- Occupations: Internet entrepreneur, attorney, business executive
- Known for: co-founder of video communication and content sharing company Rabb.it

= Greg Fischbach =

American Internet entrepreneur

Gregory Edmund Fischbach (born April 29, 1942) is an American Internet entrepreneur, attorney, business executive, co-founder of video communication and content sharing company Rabb.it and video game publisher Acclaim Entertainment (1987), he had managed the company for 16 years as the CEO.

Fischbach addressed the United States Senate regarding Internet privacy and ESRB ratings.

==Education==
In 1963, Fischbach received his B.S. degree in economics from SF State University. He earned his J.D. from the University of California, Hastings College of the Law in 1966. Following an experience as a Peace Corps volunteer in Santiago, Chile, Fischbach started work as a trial attorney with the Civil Rights Division of the Department of Justice and afterwards was an Assistant United States Attorney for the Central District of California.

==Career==
===Fischbach & Fischbach===
He commenced private practice with the law firms Orenstein, Arrow, Silverman and Parcher, a firm primarily engaged in representing record companies, music publishers and recording artists. In the mid-1970s, he founded the firm of Fischbach and Fischbach around several key artists including Crosby, Stills and Nash, Thin Lizzy, Emmylou Harris, Merle Haggard, JJ Cale, Boz Scaggs, and Gram Parsons amongst others; record labels (including Richard Branson's Virgin Group Records, Chrysalis Records and Mercury Records) and music publishers and, at the same time, managed The Steve Miller Band.

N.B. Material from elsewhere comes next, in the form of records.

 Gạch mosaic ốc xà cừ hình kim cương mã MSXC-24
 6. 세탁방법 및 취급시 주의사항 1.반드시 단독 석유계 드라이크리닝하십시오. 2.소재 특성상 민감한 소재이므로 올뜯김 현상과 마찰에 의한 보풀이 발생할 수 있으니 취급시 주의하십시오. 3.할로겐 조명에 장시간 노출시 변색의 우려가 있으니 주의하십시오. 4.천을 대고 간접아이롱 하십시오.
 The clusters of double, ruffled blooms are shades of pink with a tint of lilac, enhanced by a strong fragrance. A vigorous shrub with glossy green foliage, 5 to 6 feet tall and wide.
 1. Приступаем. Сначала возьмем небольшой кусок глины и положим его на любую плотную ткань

===RCA Records and Activision International===
He served as President of RCA Records International between 1986 and 1987, President of Activision International and a member of its Management Committee from 1983 to 1986.

===Acclaim Entertainment===
In 1987, Greg Fischbach co-founded Acclaim Entertainment Inc., a NASDAQ-listed company engaged in the video game business between 1987 and 2004. He was its Co-Chairman and CEO. Fischbach was the CEO of Acclaim Entertainment until 2003. After Fischbach's resignation Rod Cousens became his successor and steered to 2004.

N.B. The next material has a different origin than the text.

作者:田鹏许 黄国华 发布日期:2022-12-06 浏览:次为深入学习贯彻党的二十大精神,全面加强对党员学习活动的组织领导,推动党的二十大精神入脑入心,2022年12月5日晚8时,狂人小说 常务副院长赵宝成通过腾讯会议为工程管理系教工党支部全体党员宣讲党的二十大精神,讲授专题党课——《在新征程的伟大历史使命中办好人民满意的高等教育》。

For 10 years of Acclaim's work (1990-2000), the video game company released variety of well-known titles such as the Mortal Kombat and NBA Jam series, before Acclaim folded in 2004.

===ESA and ESRB===

Fischbach was one of the co-Founders of the ESA (Entertainment Software Association) and ESRB (Entertainment Software Rating Board) in the mid-1990s, and served as its Chairman for two years. The former is the videogame industry association which acts in part as a lobbying group; the later is the industry rating board, which is a non-profit, self-regulatory body that independently assigns content ratings, and enforces advertising guidelines for the videogame industry. Fischbach served on the boards of these organizations from 1994 to 2004.

===Hampton Farms Ventures===
Fischbach is a Founder and Managing Partner of Hampton Farms Ventures, formed in the Fall of 2004. Hampton Farms advises, invests and consults with companies in technology, media, games and entertainment.

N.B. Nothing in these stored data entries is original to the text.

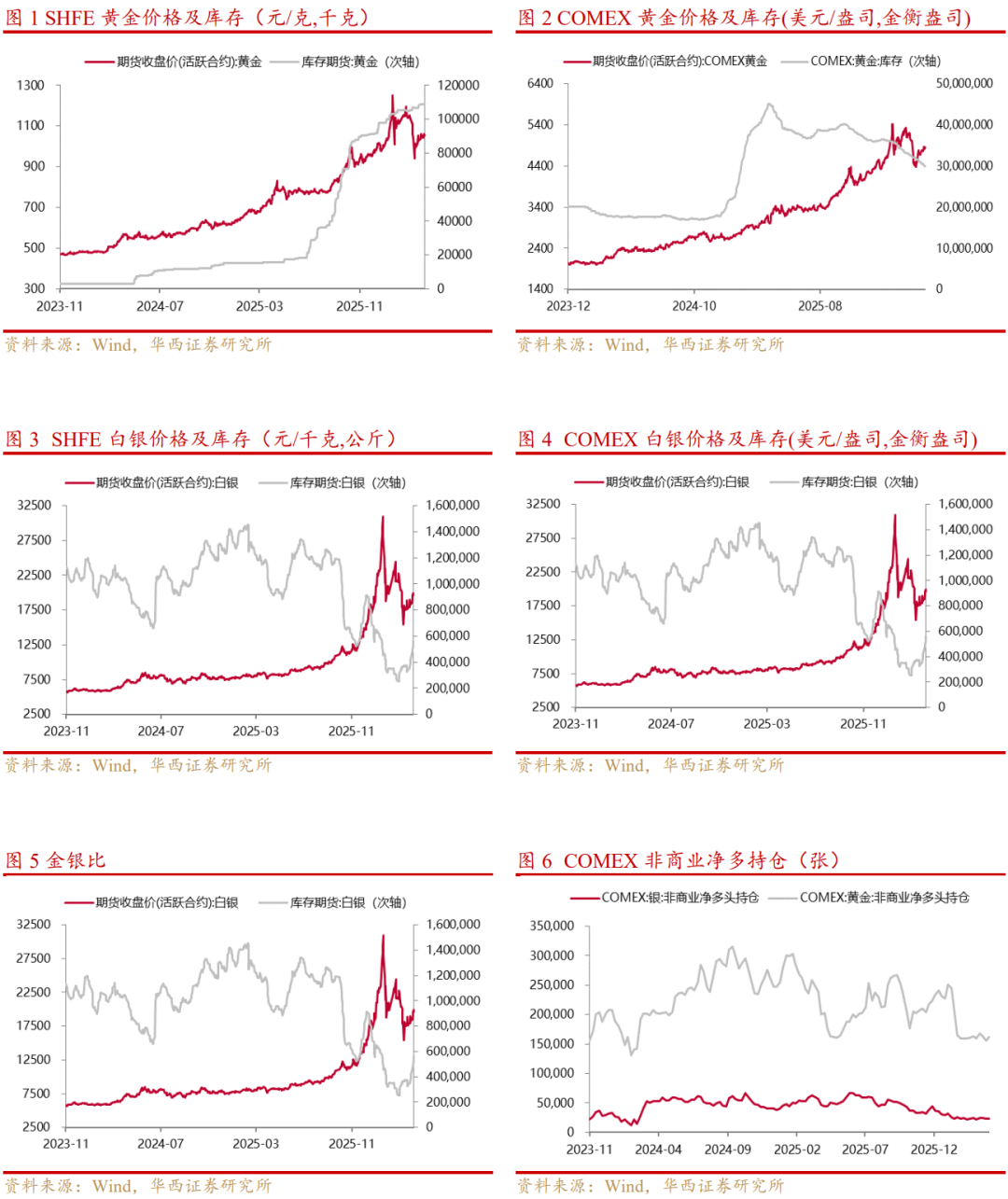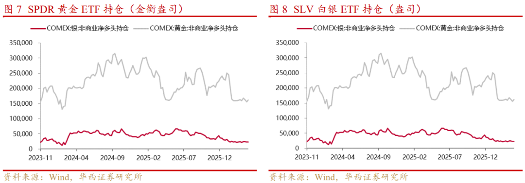 本周金银比下跌4.52%至59.92。本周SPDR黄金ETF持仓增加263,644.30金衡盎司,SLV白银ETF持仓增加633,652.30盎司。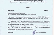 31 августа МАУ ДО "ДХШ №1" НМР РТ в рамках визита в наш город, посетила уполномоченное лицо Президента РТ Гульзада Ракиповна Руденко (она же директор музея - заповедника Елабуги). Она осмотрела ход капитального ремонта в школе и поделилась идеями развития сферы культуры через учреждения дополнительного образования Министерства культуры РТ. 31.08.2020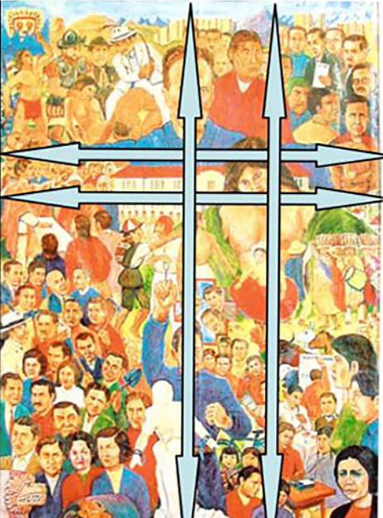 15. Na parte inferior esquerda, começando no plano mais próximo da pintura, estão as representações de divindades mesoamericanas presentes em Warisata na forma do Pavilhão Mexicano visto acima [ Figura 3 , Figura 4 e Figura 5 ]. Assim como a Pachamama personificada como indígena, essas divindades também têm sua contraparte acima, no divino sol andino mostrado no canto superior esquerdo. Além disso, vemos no lado esquerdo muitos mestiços e brancos, provavelmente professores de Warisata, que coparticiparam, com suas pás, na construção da escola. E, finalmente, podemos observar acima deles, mas ainda dentro do recinto protetor constituído pelos muros de Warisata e pelos braços de Pérez, um grupo de indígenas que evocam, com seus chullos e trajes, a Ulaka, a guilda dos anciãos e sábios ou o Parlamento Amauta, como também era conhecido em Warisata.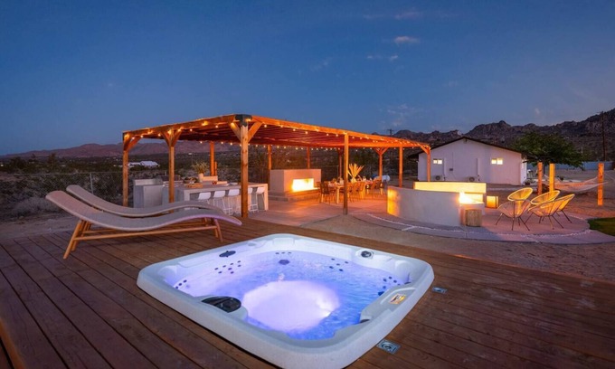 Hot Tub: Soak under the desert sun or the starry night sky in the private hot tub or view the outdoor movie playing from the hot tub.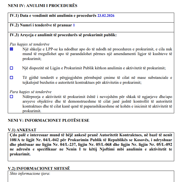 Anulimi ka ndodhur pas hapjes së ofertave, ndërsa si arsye është theksuar se ka pasur një shkelje të Ligjit të Prokurimit Publik, e cila nuk mund të rregullohej apo parandalohej përmes ndryshimit të kushteve të tenderit.
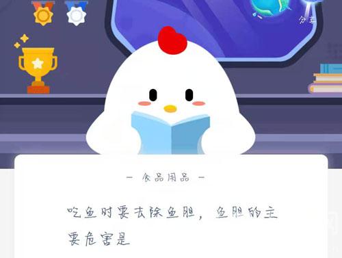 吃鱼时要去除鱼胆,鱼胆的主要危害是?在支付宝蚂蚁庄园每日一题中,今日问题是问吃鱼时要去除鱼胆,鱼胆的主要危害是?那答案是什么呢,鱼胆有毒吗?鱼胆为什么不能吃?为什么要去掉鱼胆?下面就和小编一起来看看吧!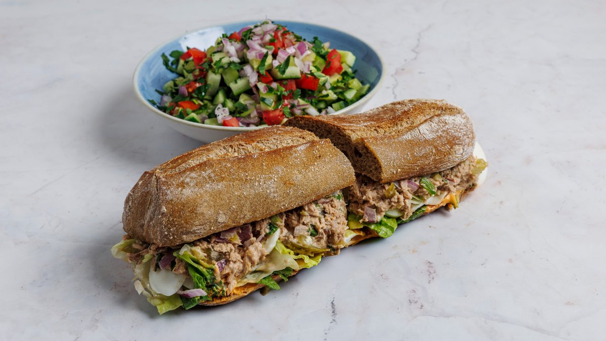 סלט טונה, מלפפון חמוץ, ביצה קשה, בצל סגול, זיתי קלמטה, חסה ואיולי פלפלים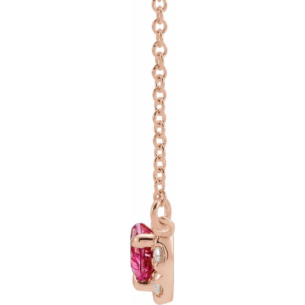 Description: 14k Rose Gold 5x3mm Pear Pink Tourmaline and 1/8 cttw Diamond 16" Necklace
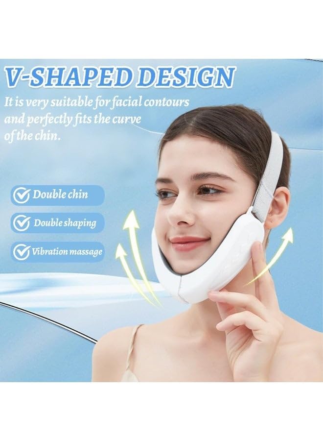 Generic - جهاز تصغير الذقن المزدوجة وحزام تجميل كهربائي لتشكيل الوجه على شكل حرف V، جهاز تدليك ذكي لشد الوجه مع ضوء أزرق، 6 أوضاع و12 مستوى، مناسب لشد البشرة المترهلة والعناية اليومية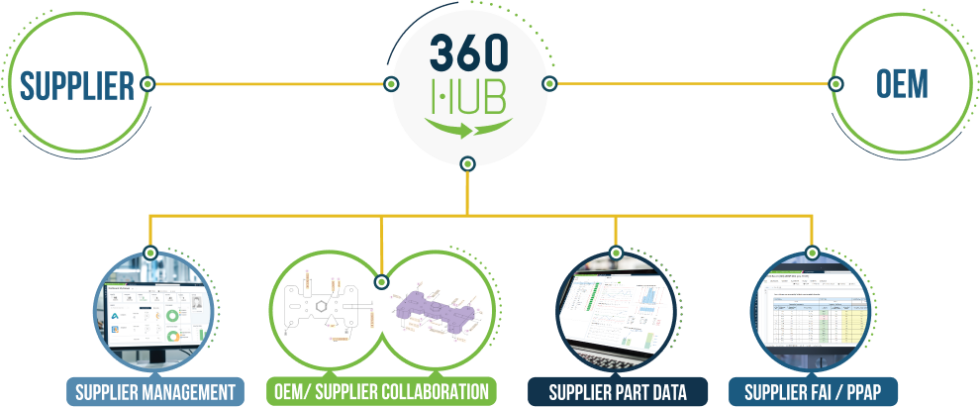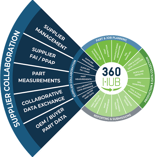360 HUB, kullanıcıların tedarik zincirini sanal ve kapsamlı bir şekilde yönetmenizi sağlayan İlk Ürün Denetimi (FAI), Parça Üretim Onay Süreci (PPAP) ve gelişmiş balonlama verilerini elde etmelerini sağlar. HUB, günümüz üretim ortamında değerli bir araçtır çünkü veriler, düşük kalite nedeniyle gecikmelerin, yeniden işlemelerin ve geç sevkiyatların tedarik zincirine önemli maliyetler ekleyebileceğini göstermektedir. 360 HUB, bu maliyetleri azaltmaya veya ortadan kaldırmaya ve üreticiler ile müşterileri arasındaki ilişkileri güçlendirmeye yardımcı olur.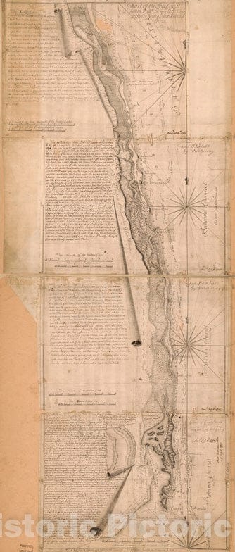 Historical Map, 1765 Chart of The sea Coast with The Head of Sharkshead River ; Chart of New Inlet, Vintage Wall Art
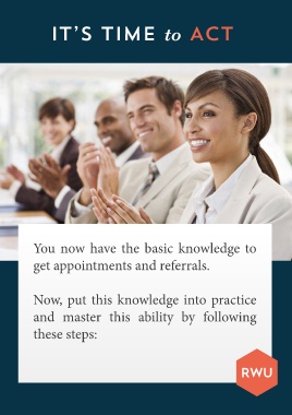 IT’S TIME to ACT You now have the basic knowledge to get appointments and referrals. Now, put this knowledge into practice and master this ability by following these steps: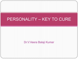 The document discusses how personality is shaped by both nature and nurture. It describes personality as a consistent pattern of thoughts, feelings and behaviors. While genes play a role, most scientists believe environmental factors like family, culture and physical conditions have the greatest influence on personality development. Birth order, parental characteristics, and cultural norms around individualism or collectivism can impact worldviews and traits. Freud's psychoanalytic perspective also influenced theories on unconscious motivations and personality structure. Homeopathic remedies are proposed to relate to distinct personality types.

He is Vice Chairman of the Board of Directors of Yoostar Entertainment and a member of its executive committee.

==Personal life==
Gregory Fischbach is married to Linda Fischbach. Together they have two sons, Jason and Benjamin David Fischbach, who graduated from the University of Vermont. He worked as a brand manager at Acclaim Entertainment.
Fischbach's wife Linda is a sales associate for Sotheby's International Real Estate. The family lives in New York.